I got a delivery yesterday and it reminded me of something that I was trying to forget.
One of the happy things about my arrival here was making a home for us, the family. While I told myself that I was going to finally live life for ME, I was doing the things in the beginning for the family. That’s not a terrible thing, and had things continued I would have been happy. My emotions were real, and my commitment solid. Things did not continue though, and in the aftermath, I was a single woman and a single ‘parent’.
We were both having our mourning periods, and me well I also had the life of me. No real time to lick my wounds, it was back to the grind. I can’t say I ever really exhaled until about December, and that is a big reason why January was able to happen. When I was allowed to finally grieve, I did and then I let go.
From August to say December though a curious thing occurred. I began to expand and unshrink myself.
I started to do the things, and the things for me. The East Coast trips helped with that, but I can admit it would have happened anyway. As I found ground that was more level and could support my weight, I stood in me.
Did I endure mediocre sex for some patio furniture assembly? No. I endured it to exorcise my vagina of the memory of the person I’d been faithful and monogamous to since 2019. The mediocre dick just also happened to put that furniture together. That is the thing about having a vagina, men want it and will do things for it.
Once that huge box was out and away and I had the ‘extra’ room outside, there as space and time to fill it, so I did. Each new addition was brought in, sadly, without thought that I was not alone here. Every new table or pillow or wall art was about me, and not about we. I was very WE upon arrival and I allowed the actions of another to send me back to ME.
It was in December that I slapped myself awake from that and began to add WE. WE aren’t going anywhere anytime soon. WE love each other warts and all and figure out how to giggle even when the tasks seem overwhelming.
The difference in gestation and choice? We arrived with one another with the ability to choose. We make the daily decision to choose. The difference in that and the intercourse version I bet it all on? We don’t punk out and we keep our word. Simple it is not at times, you’d have to open the pages of the two of us to see just how complex it can be some days, but there is not a day since I saw her in the airport I have not chosen her, even when I was busy being ME.
I started adding WE things, and some days it is over stimulating. I can look above this screen right now and see the overwhelm. It stays though because it is needed. I need that WE thing right there as a reminder to not slip into old habits. On their side of the bed are more WE things, which are slowly accumulating. There is even a shirt on a hangar on that side of the closet. I remember when it was suggested I get 2 night tables. I recall my empathic NO I am only 1 person damnit. It was just as emphatic a NO when it was suggested I get bar stools for the counter. Even in a WE I can put my foot down from time to time. But….can you keep a secret? I’m going to get them a night table. They have space in the kitchen and bath they might as well the bedroom, and I will smile internally when they see it and give the giggle which spreads the joy they are, while trying to keep a poker face and pretend I am the old coot I tell people I am these days.

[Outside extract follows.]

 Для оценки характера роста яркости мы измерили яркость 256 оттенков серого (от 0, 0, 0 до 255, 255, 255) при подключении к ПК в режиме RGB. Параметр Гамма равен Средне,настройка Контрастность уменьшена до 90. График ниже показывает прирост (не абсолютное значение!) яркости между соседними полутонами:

As I think more about WE I buy things in 2 now, and I am looking forward to the big ticket purchase of 2 I have planned. That one will take a little longer but we have the time.

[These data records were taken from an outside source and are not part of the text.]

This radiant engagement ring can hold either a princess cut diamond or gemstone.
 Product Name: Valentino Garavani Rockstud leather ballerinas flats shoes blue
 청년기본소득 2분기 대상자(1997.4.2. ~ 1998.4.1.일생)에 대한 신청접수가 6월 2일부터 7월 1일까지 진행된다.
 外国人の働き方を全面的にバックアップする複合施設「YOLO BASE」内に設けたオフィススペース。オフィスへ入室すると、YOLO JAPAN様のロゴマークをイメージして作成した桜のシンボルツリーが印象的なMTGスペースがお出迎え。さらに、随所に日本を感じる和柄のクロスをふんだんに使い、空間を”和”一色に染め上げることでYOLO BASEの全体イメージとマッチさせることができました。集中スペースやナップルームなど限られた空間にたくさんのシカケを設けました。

You see it’s not about having the ‘money’. Does $ make some things simpler? Sure, in fact a part of these lessons I would not have to learn if there was more disposable income at my ready. What I have is worth more though, and I am richer than those who would attempt to belittle me.
I might not be able to write a ‘check’ for everything my whim desires in this moment, and that is not a curse.
I recall the mutual hoping that the joy could become real because the proclamation was compensation. I recall promising to do all that I could to make it real. I wanted that once upon a time, and now….I do not. The view! The money! The friends! …and the part of the story that was never told the rum…the loneliness…..the self doubt. I got to see all of it, and in the end I was delivered away from it. Thank you.
The thing about money? You can make it. What you don’t have today you might have tomorrow. The thing about WE? It cannot be bought.
The tale can be told and twisted, but it doesn’t erase the reality. Everything that brought me here still exists, but this time without the reprieve of me. Will there be someone else? Eventually, and they still won’t be ME. That is a L.
What is not an L is WE cuddling on the sofa, WE chilling on the patio, WE in the new bed and WE going on vacation. WE are living and I cannot allow the habits of old to impact that. Shit….WE might even concede and get a television, oh wait that is not a WE that is a ME.
Up next is the trip next month. The stage. The reconnections to friend and lovers. The sundresses and laughter. The lack of sleep but no regrets. In July there is Vegas and if the new clients pan out as I think they will, a very very special birthday surprise. October is my month after all.
In between WE are making things happen.
I almost allowed myself to forget WE, but as the song goes Almost Doesn’t Count. There is a plus one and I am a very very fortunate girl. The Universe has a plan and I know the other half of WE is nervous, but like I’ve said and like it’s proven, its all for the best and there are no mistakes. Let’s roll with this and see where it takes us.